The Franklin County Historic Trust has announced five locations in the county it considers the best opportunities for preservations.

“These places offer the next owner an opportunity to preserve important historic places in Franklin County while preserving the places that help create our community identity,” said Eric Whisman, president of the trust.

All of the properties are currently for sale, and some are eligible for tax credits based on their historic status.

Bald Knob School

Included on the list is the old Bald Knob School at 285 Flat Creek Road. In addition to its classes, the school served as a community center for more than 60 years until Westridge Elementary replaced it in 2003, Whisman said.

The 28,000 square foot school has 18 classrooms, a gymnasium, a cafeteria and a garage. 

Whisman said while the school is not listed on the National Register of Historic Places, it is likely eligible for inclusion, as similar buildings in the county have been listed. 

“If listed, the building could qualify for up to 40 percent federal and state preservation tax credits for rehabilitation,” Whisman said.

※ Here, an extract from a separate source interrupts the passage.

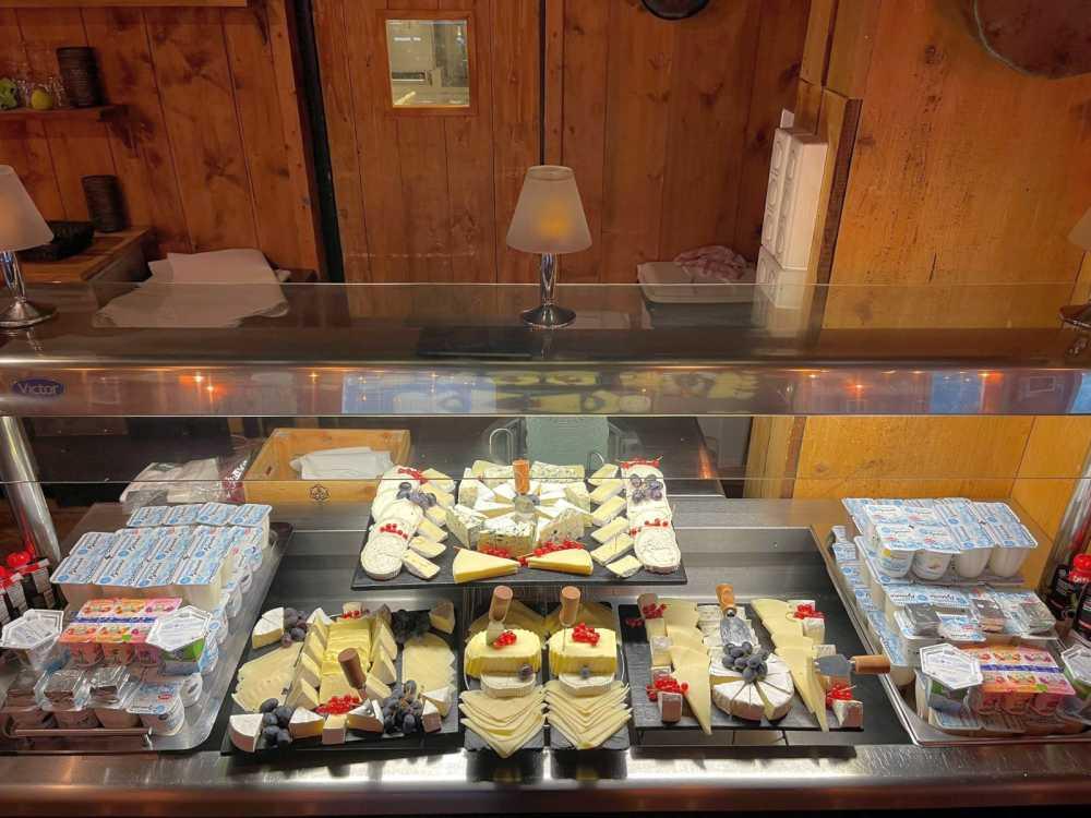 A generous buffet awaits you, offering a rich assortment of freshly baked pastries, a variety of salads, cheeses, dairy items, cereals, artisanal breads, and a wide range of hot and cold beverages. Live cooking stations serve made-to-order crêpes and omelets.

The property is currently for sale by Bluegrass Realty. 

Samuel South Warehouses

Closer to downtown Frankfort are the Samuel South Warehouses, located on East Broadway near the Thomas D. Clark Center for Kentucky History.

For sale by the Kentucky Commercial Real Estate Alliance, the warehouses were originally built to store goods used at the then-nearby state prison in the 19th century. They were also used by local industries because of their close proximity to the railroad tracks.

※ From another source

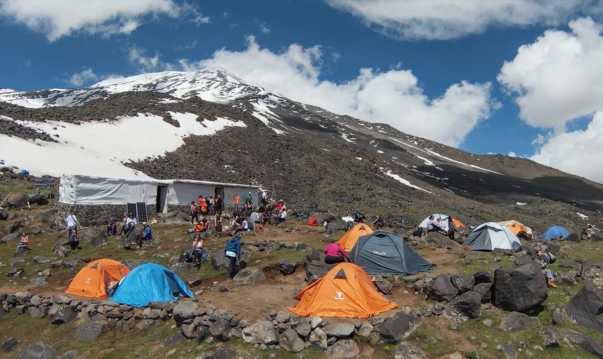 IĞDIR (AA) - HÜSEYİN YILDIZ/ABDULLAH SÖYLEMEZ - Türkiye’nin en yüksek dağı olan Ağrı Dağı zirvesine uzanan yolcluğun buluşma noktası olan ana kampta, dünyanın farklı bölgelerinden gelen dağcılarla panayır havası yaşanıyor.

Since then the structure, divided into four buildings making up a total of 38,000 square feet of space, has held numerous businesses, Whisman said. 

The building is listed as a contributing member in the National Register of Historic Places and qualifies for state and national rehabilitation tax incentives.

Fairview Farm

Also known as the Blanton-Crutcher Farm, the Fairview Farm in Jett was built in 1796 and later renovated in the 1880s. The 110-acre farm has early outbuildings, two ponds and tobacco and equestrian barns in addition to the historic house.

The farm is for sale by the trust itself, and while the house will require some rehabilitation to fix damage done by a roof leak, it qualifies for a 30 percent owner occupied tax credit incentive to help offset costs.

The Hoge House

Constructed about 1810 on Wilkinson Street in the Corner in Celebrities historic district, the Federal-style house was saved from demolition and sold to the state and served as the headquarters for several agencies including the Commission on Military Affairs.

Although several alterations have been made to the house in it’s time as a state office, it retains some historic features and is listed on the National register of Historic Places, making it eligible for a rehabilitation tax credit.

The house is for sale by the Kentucky Division of Real Properties.

The Fincel House

Located on Cove Spring Road to the right of the entrance to the park, the Fincel House was built in 1925 using local Kentucky River marble.

The interior of the home was altered to serve as a Montessori school for more than 20 years, but has been vacant for several years. 

The home is not listed in the national register. However, Whisman said the building could be eligible. If so, the owner could receive tax credits to help cover the cost of restoration.

The property is for sale by Bluegrass Realty.